Director Arnaud Desplechin shoots this scene both in color (Nora reading) and in flickering, silent film style black and white (Louis reciting his diary): this simple set up is so effective and so truthful that you gasp with recognition and understanding. Desplechin is dealing with the basic things of life here and what better in this scene than "the thin line between love and hate?"
Desplechin is telling two stories here: one with Nora (and this Nora shares many qualities with Ibsen's Nora...i.e.....she recreates herself during the course of this film) and that of Ismael (the formidable Mathieu Almaric): a former lover of Nora's and a man who is bi-polar, though I prefer the old name for this disease, manic depression which more perfectly describes Ismael.
Nora spends the entire film looking for a father for her child, Elias and Ismael spends the entire film looking for a safe place for himself. One of the most interesting things about this film is that out-of-control Ismael has a big, loving family who surround him with an all-encompassing warm fog of positivism while the controlled, "my father always taught me to control my emotions" Nora really has no one except her son. Nora and Ismael's worlds are opposite of the supposed natural order of things: aren't the well-loved and cared for supposed to be "sane" while the ill nurtured are more often, "crazy?"

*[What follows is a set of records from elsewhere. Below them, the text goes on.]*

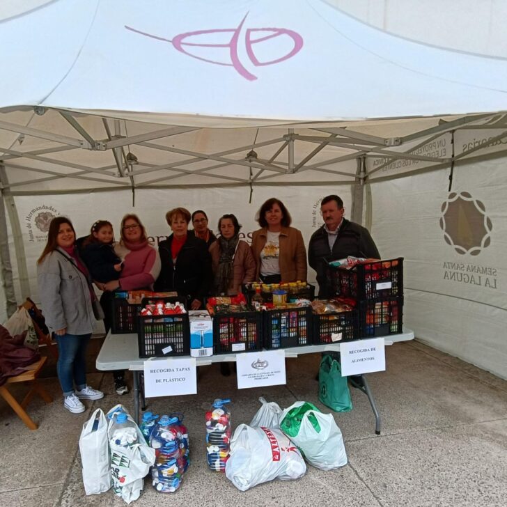 En la Plaza de Los Remedios, la Cofradía de la Entrada de Jesús en Jerusalén ha hecho su obra social con la recogida de alimentos y tapones para aquellas personas más necesitadas.
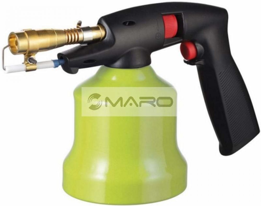 Meva Hořák Typhoon Piezo 1,3 kW • pro opalování nátěrů a barev, nahřívání materiálu za účelem spojování (např. plastových trubek) • dále lze použít pro pájení natvrdo, tepelné opracování, zapalování grilů, rozmrazování • regulace plamene, piezo zapalování stisknutím knoflíku, předehřev plynu - výhodou předehřevu je možnost práce v jakékoliv pozici bez tzv. "vyšlehávání plamenů" • maximální teplota plamene: 1300 °C • použití jednorázových kartuší 190g UKP02001 • materiál: ocel • barva: zelená • spotřeba plynu: 100 g/h • výkon: 1,3 kW
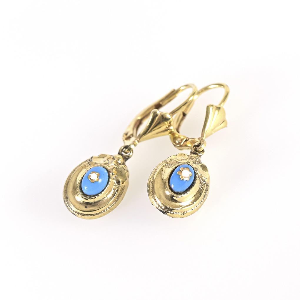 Reliefierte Abhängungen mit kleinen Glascabochons, an Federbügeln.
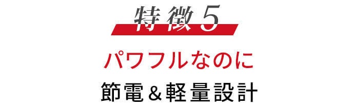 効率的に風を送り出すために、空気の吸込口 を左右に2箇所付けることで、風力はパワフルなのに電力は省エネ。
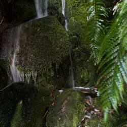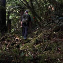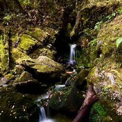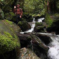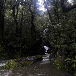 Wir wollten erst unser Vorhaben mit der Stadt nochmals in die Tat umsetzen, aber der Vulkan war immer noch zu sehen und so fuhren wir stattdessen zu den Dawson Falls. Der Parkplatz war supervoll, aber wir fanden irgendwann doch noch ein Plätzchen. Inzwischen war Regen aufgezogen und der Vulkan hüllte sich in seine übliche, dicke Wolkendecke.
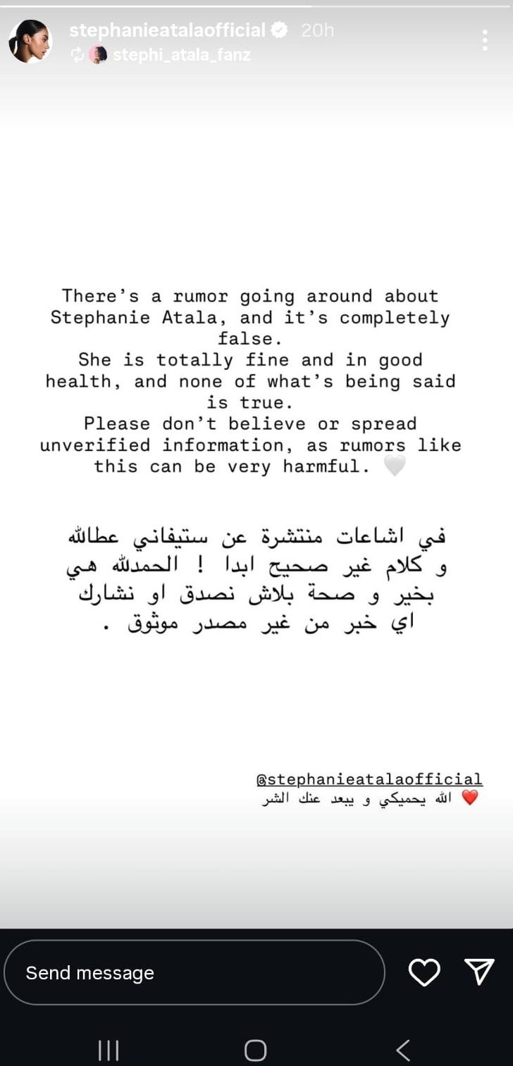 وقال المنشور: "فيه إشاعات منتشرة عن ستيفاني عطالله وكلام غير صحيح أبداً!"
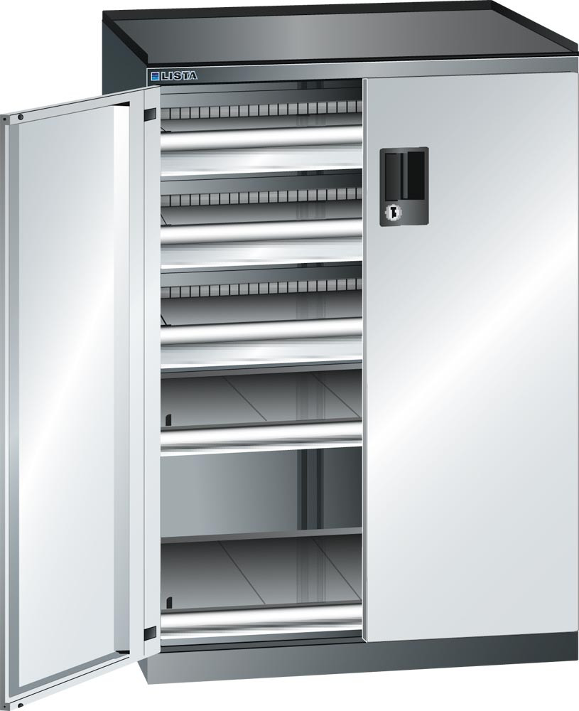 Schubladenschrank m. Flügeltüren, BxTxH 717x600x1020 mm, 3x75 Schubladen u. 2 Auszüge 200 kg, Schloss, RAL 5012
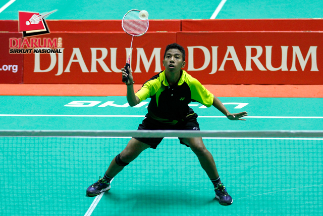 Akbar Gusti/Felicia Parmenas (PB Djarum) bersiap menyambut pengembalian dari Beno Drajat/Rika Rositawati (Mutiara Bandung).
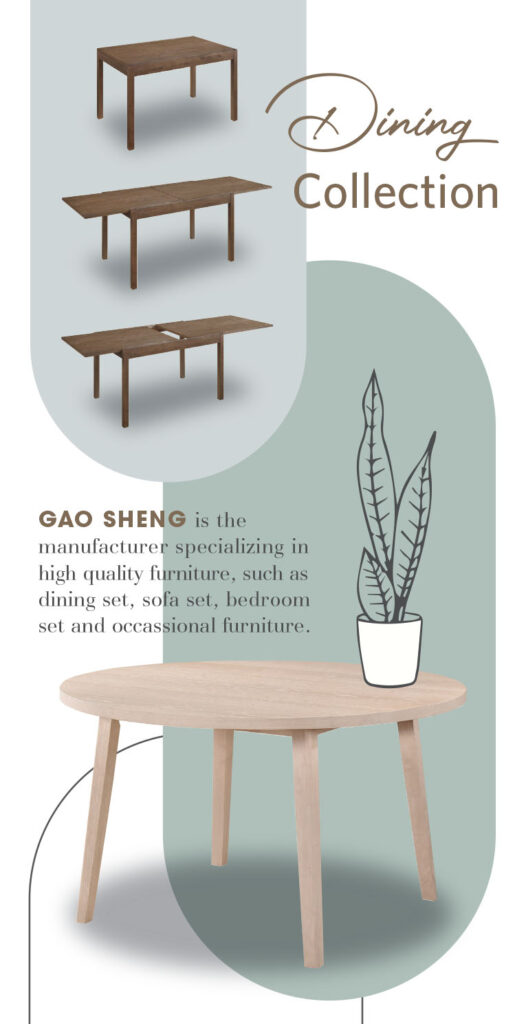 Gao Sheng is the manufacturer specializing in high quality furniture, such as Dining Set, Sofa Set, Bedroom Set and Occassional furniture.
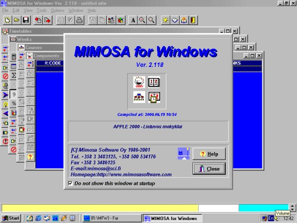 Tvarkaraštis be "Mimosa" - tvarkaraštis be ateities???Profiliuotose mokyklose viena iš sudėtingiausių problemų - pamokų tvarkaraščio sudarymas. Ši problema tuo sudėtingesnė, kuo daugiau pasirinkimo laisvės buvo duodama vienuoliktokams, tai yra kuo labiau yra tenkinami jų poreikiai. Pamokų tvarkaraščio sudarymą jau keli metai analizuoja kompiuterinių programų sudarytojai, kadangi gera tokio tipo programa turėtų didelį pasisekimą. Per kelis pastaruosius metus teko matyti keletą programų, tačiau, mano nuomone, nei viena jų nepasirodė tinkama. Buvau įsitikinusi, kad geros pamokų tvarkaraščio sudarymo programos parašyti neįmanoma, nes tai pernelyg sudėtingas uždavinys. Deja, prieš metus teko maloniai nustebti. Amerikos lietuviai Amanda ir Algirdas Mulioliai, sužinoję apie pamokų tvarkaraščio sudarymo sunkumus, pasiryžo pagelbėti Lietuvos mokykloms. Jie apžvelgė patirtį pasaulio mokyklose ir atrinko programą, turinčią plačias konfigūravimo galimybes. Programa vadinosi "Mimosa".

Desplechin is dealing with so many things here: mental illness, paternal and maternal love and all its variations, drug addiction, the elements of psychiatric care, male/female relationships and on and on that it took me several viewings to begin to digest and understand all the things with which Desplechin has stuffed his film.
"Kings and Queen" is palpably disturbing on many levels. It is not a comfortable, easily definable film. It's emotions and feelings are sometimes so brutally honest that they physically hurt. But like Nora and Ismael if you survive the ordeal ...you will be better and smarter for it.